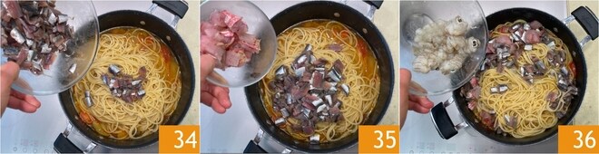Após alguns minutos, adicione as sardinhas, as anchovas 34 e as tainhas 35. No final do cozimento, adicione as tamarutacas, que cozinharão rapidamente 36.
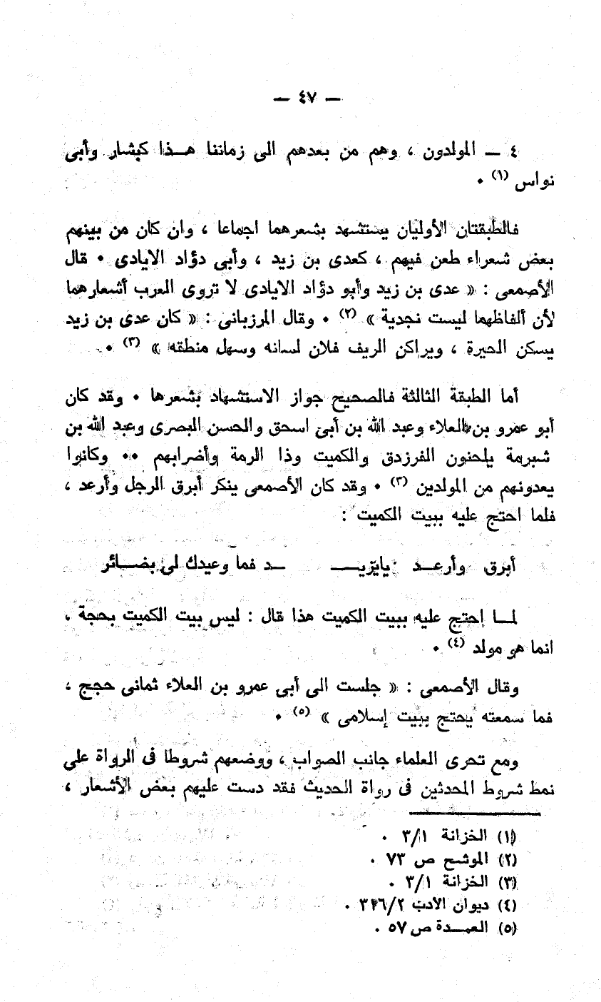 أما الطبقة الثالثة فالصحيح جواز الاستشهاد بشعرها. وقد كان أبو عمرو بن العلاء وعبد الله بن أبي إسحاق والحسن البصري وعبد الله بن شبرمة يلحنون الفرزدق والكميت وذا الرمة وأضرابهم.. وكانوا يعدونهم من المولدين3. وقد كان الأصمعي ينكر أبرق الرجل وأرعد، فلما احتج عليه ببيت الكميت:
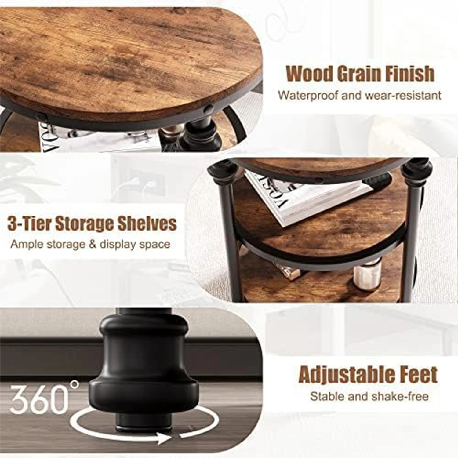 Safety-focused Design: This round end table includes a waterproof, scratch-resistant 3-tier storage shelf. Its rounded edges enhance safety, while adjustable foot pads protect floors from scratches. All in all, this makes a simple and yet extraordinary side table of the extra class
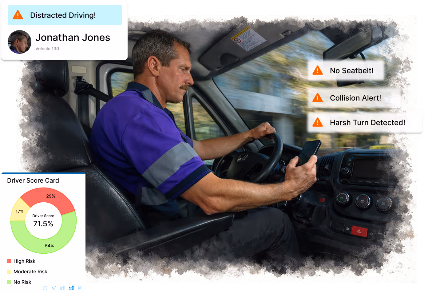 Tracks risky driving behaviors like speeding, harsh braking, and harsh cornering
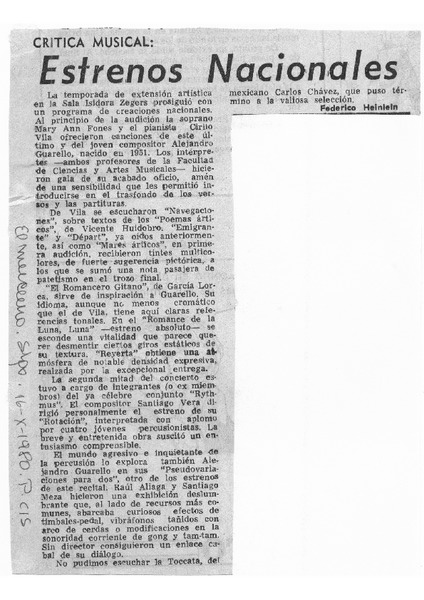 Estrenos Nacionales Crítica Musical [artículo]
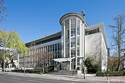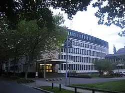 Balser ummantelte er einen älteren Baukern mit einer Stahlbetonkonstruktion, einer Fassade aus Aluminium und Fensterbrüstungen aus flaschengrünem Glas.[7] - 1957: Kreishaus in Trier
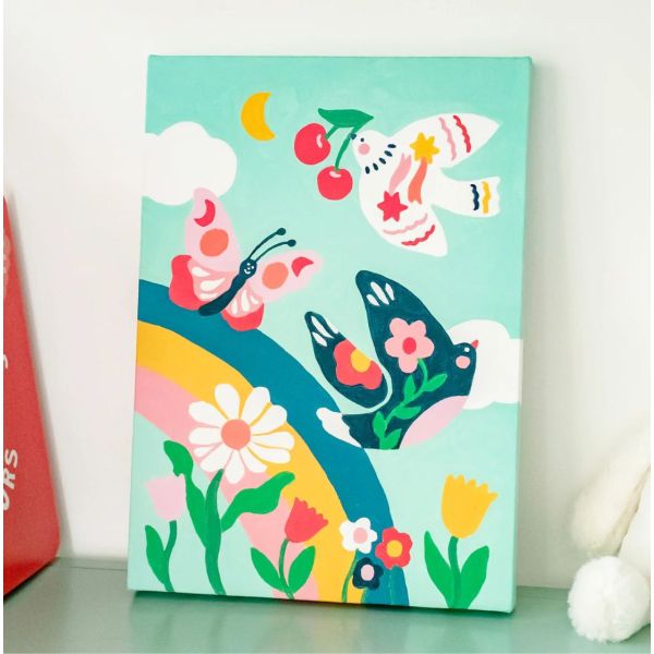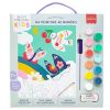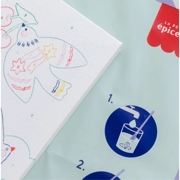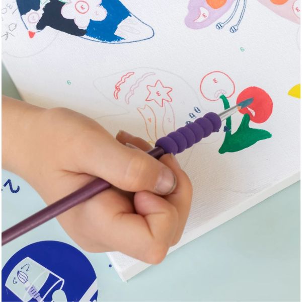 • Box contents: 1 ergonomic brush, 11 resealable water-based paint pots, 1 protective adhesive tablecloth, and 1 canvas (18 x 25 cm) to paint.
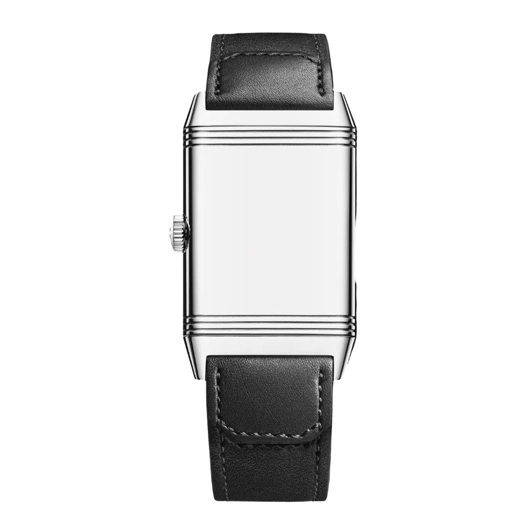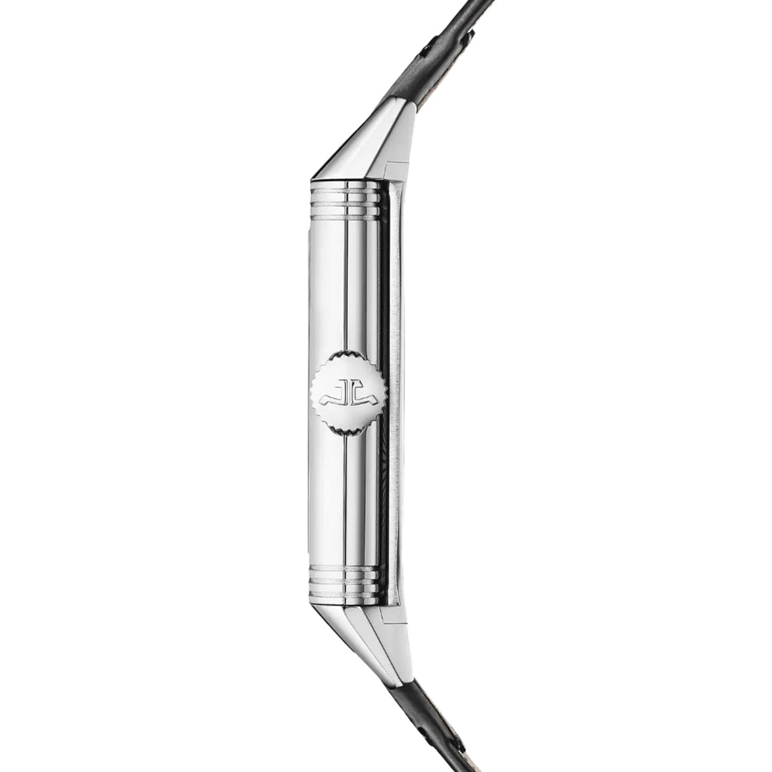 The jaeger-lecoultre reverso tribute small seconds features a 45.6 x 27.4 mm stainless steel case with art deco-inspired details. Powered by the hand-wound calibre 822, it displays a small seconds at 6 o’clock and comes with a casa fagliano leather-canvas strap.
* * *
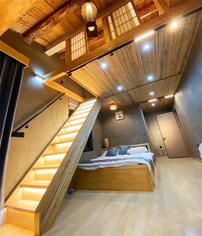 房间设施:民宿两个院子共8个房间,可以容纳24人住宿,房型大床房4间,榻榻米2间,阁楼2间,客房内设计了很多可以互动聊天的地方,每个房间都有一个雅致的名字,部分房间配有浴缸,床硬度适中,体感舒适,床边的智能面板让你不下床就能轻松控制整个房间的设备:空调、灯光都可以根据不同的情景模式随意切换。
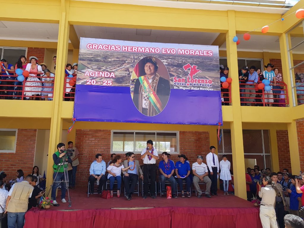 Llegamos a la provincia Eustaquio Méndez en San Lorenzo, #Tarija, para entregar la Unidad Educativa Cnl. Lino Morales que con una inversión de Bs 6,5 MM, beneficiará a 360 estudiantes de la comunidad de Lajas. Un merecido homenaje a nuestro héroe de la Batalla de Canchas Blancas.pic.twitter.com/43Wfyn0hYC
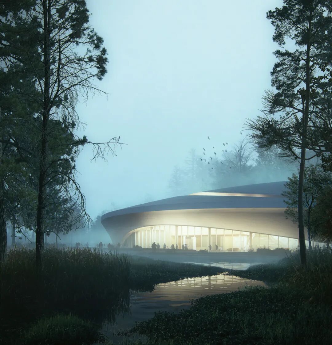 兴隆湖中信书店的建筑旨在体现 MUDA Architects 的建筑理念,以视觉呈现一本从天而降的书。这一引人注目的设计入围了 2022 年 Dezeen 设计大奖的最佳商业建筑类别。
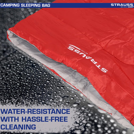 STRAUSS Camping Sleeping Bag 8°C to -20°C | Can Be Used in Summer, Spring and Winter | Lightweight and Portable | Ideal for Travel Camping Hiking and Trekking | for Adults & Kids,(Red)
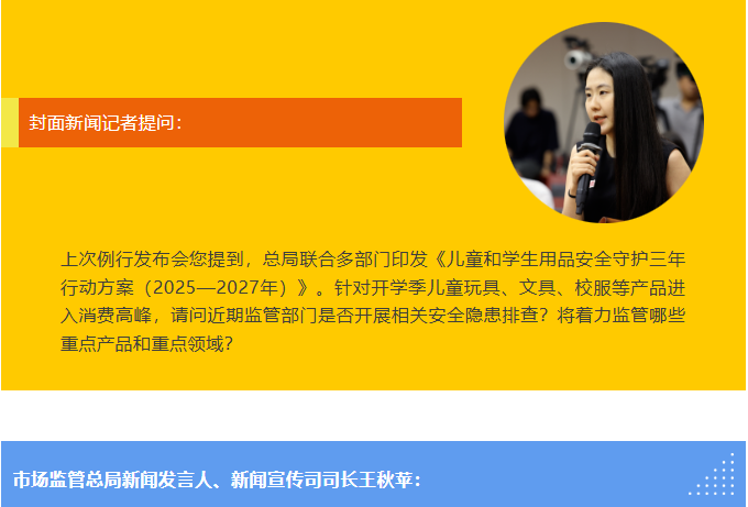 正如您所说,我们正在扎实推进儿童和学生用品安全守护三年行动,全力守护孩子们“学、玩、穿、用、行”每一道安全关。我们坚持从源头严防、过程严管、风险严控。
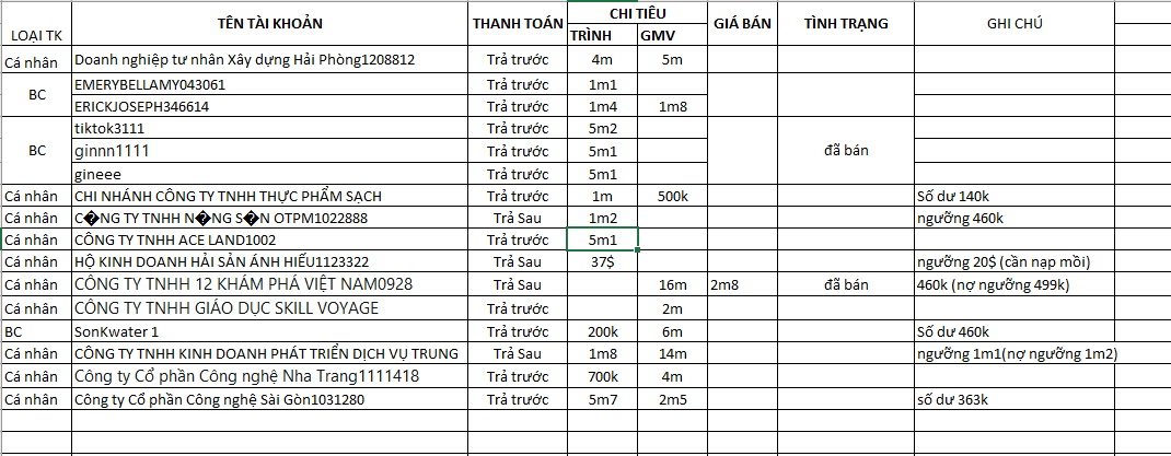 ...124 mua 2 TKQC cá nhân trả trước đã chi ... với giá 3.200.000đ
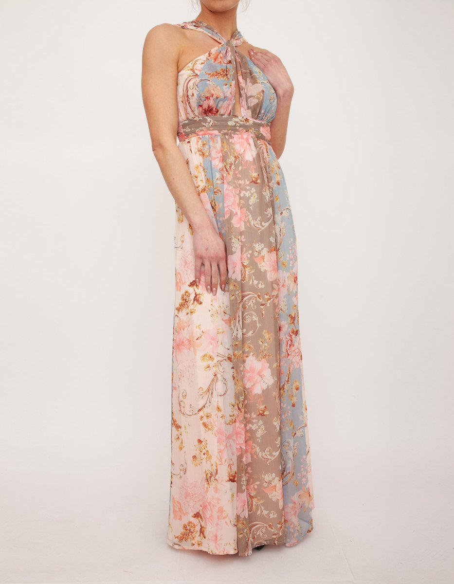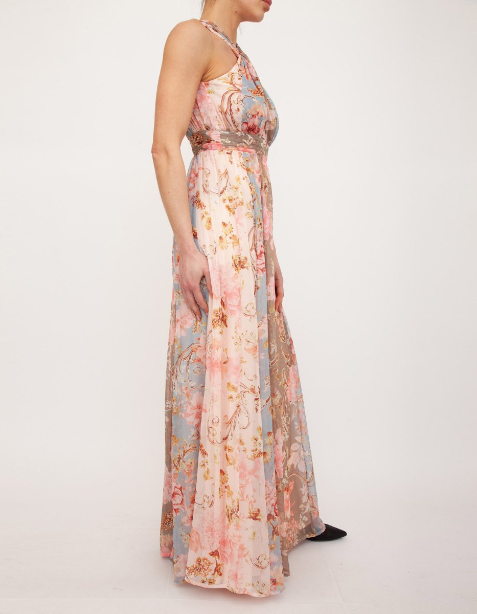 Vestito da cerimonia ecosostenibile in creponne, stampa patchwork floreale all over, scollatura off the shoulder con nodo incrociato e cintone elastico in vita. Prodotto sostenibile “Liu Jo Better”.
==
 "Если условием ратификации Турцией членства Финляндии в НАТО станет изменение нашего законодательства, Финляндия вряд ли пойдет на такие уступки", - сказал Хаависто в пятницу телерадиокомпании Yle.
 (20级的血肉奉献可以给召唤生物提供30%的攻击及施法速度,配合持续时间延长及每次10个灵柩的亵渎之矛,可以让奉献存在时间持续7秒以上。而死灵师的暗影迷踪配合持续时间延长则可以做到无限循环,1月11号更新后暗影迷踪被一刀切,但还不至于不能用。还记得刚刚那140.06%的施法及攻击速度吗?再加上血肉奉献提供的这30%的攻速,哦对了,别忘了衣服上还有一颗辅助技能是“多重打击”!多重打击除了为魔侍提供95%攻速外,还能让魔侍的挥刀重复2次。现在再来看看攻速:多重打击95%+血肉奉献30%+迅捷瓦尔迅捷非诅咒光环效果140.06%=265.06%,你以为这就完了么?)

▶ WORK REQUIRED: Reproduce, exactly and only, the lines of the records above starting at the line with "STRAUSS Camping Sleeping" and ending at the line with "Vestito da cerimonia", both included. Leave every picture out.

▶ RESPONSE:
 STRAUSS Camping Sleeping Bag 8°C to -20°C | Can Be Used in Summer, Spring and Winter | Lightweight and Portable | Ideal for Travel Camping Hiking and Trekking | for Adults & Kids,(Red)
 正如您所说,我们正在扎实推进儿童和学生用品安全守护三年行动,全力守护孩子们“学、玩、穿、用、行”每一道安全关。我们坚持从源头严防、过程严管、风险严控。
 ...124 mua 2 TKQC cá nhân trả trước đã chi ... với giá 3.200.000đ
 Vestito da cerimonia ecosostenibile in creponne, stampa patchwork floreale all over, scollatura off the shoulder con nodo incrociato e cintone elastico in vita. Prodotto sostenibile “Liu Jo Better”.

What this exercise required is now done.